DataElixir: A framework to work with unstructured data (cleansing and deduplication)

Applications that escapade data for decision making are the anodynes, of the myriad of business problems, in protean sectors such as healthcare, insurance, finance and social media. However, in legion scenarios, the nature of the available data is either unforthcoming or is not readily palatable. The available data, (specifically text) is grimy — full of heterodox entities and eclectic in nature. In more pragmatic data scenarios, it is redundant — there are instances where text records appear disparate but are tantamount. In this article, I will delineate about DataElixir : An automated framework to clean, standardize and deduplicate the unstructured data set.

Consider a data set of organization names generated on a user survey which consists of variegated ambiguities such as:

N-grams: IBM corporation private , IBM comrporation limited, IBM limited 
Spellings: IBM corporation, Ibm1 corparation, ibm pyt ltd
Keywords: IBM Co, IBM Company, ibm#, ibm@ com

DataElixir is a framework to redress this vagueness. It is a complete package to perform large-scale data cleansing and deduplication hastily. The overall architecture of DataElixir is described in the following image:

DataElixir — Architecture

User configurations bridle the overall workflow. Input text records are first passed through Cleaner Block in order to make them pristine. This block is comprised of three types of functions: entity removal (example: punctuation, stop words, slang etc.), entity replacement (example: abbreviation fixes, custom lookup) and entity standardization (using patterns and expressions).

The cleansed records are then indexed by Indexer Block. The paramount role of Indexer is to ensure the brisk processing (cleansing and deduplication) of text records. Since every record has to be compared with every other record, the total comparison becomes n*n. Indexer Block uses Lucene to for indexing purposes and returns the closely matched candidate pairs can be referred by quick lookup. Experimentation suggested that Indexer block is able to reduce the overall processing time to one-third.

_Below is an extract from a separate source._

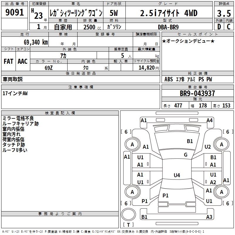 SUBARU LEGACY TOURING WAGON 2.5I EYESIGHT 4WD - лот 9091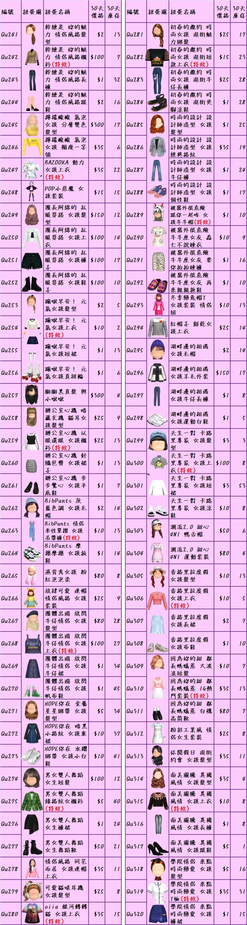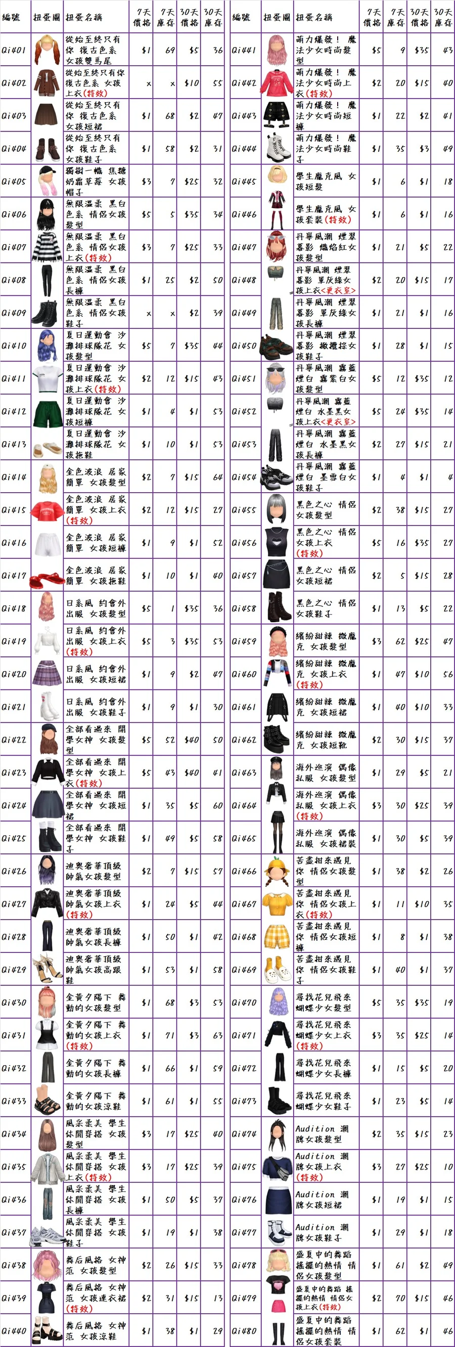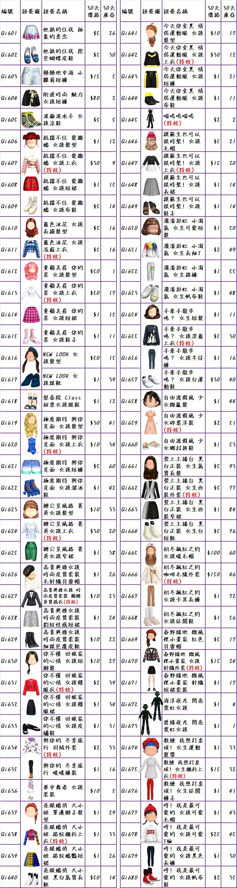♥隨機期間B禮包$300(普扭7天:隨機的頭x40個、衣x40個、褲x40個、鞋x40個、飾品x40個、臉型x40個)♥

The candidates are then compared using Matcher Block which consists of flexible text comparison techniques such as Levenshtein matching, Jaro-Winkler, n-gram matching and phonetics matching. Matcher computes the provides the confidence score as well, which is the indication of how closely two records match.

For one of my project in academic research, the task was to perform machine translation of all the village names of Asia. I used pre-trained supervised learning algorithms for this purpose. The results were decent, but a there was a lot of redundancy in the translated names. Thus, I created DataElixir as the antidote to the problem. A data set of about one million rows of village names was cleansed and deduplicated in about 3 minutes.

Currently, the source-code is not open-sourced, however, I have released a light version of DataElixir — dupandas, which follows the same architecture.

It is written in pure python. Though it works in a homogeneous manner as DataElixir, there are a few leftover works and obviously scope of improvements. Feel free to check it out and suggest any feedback.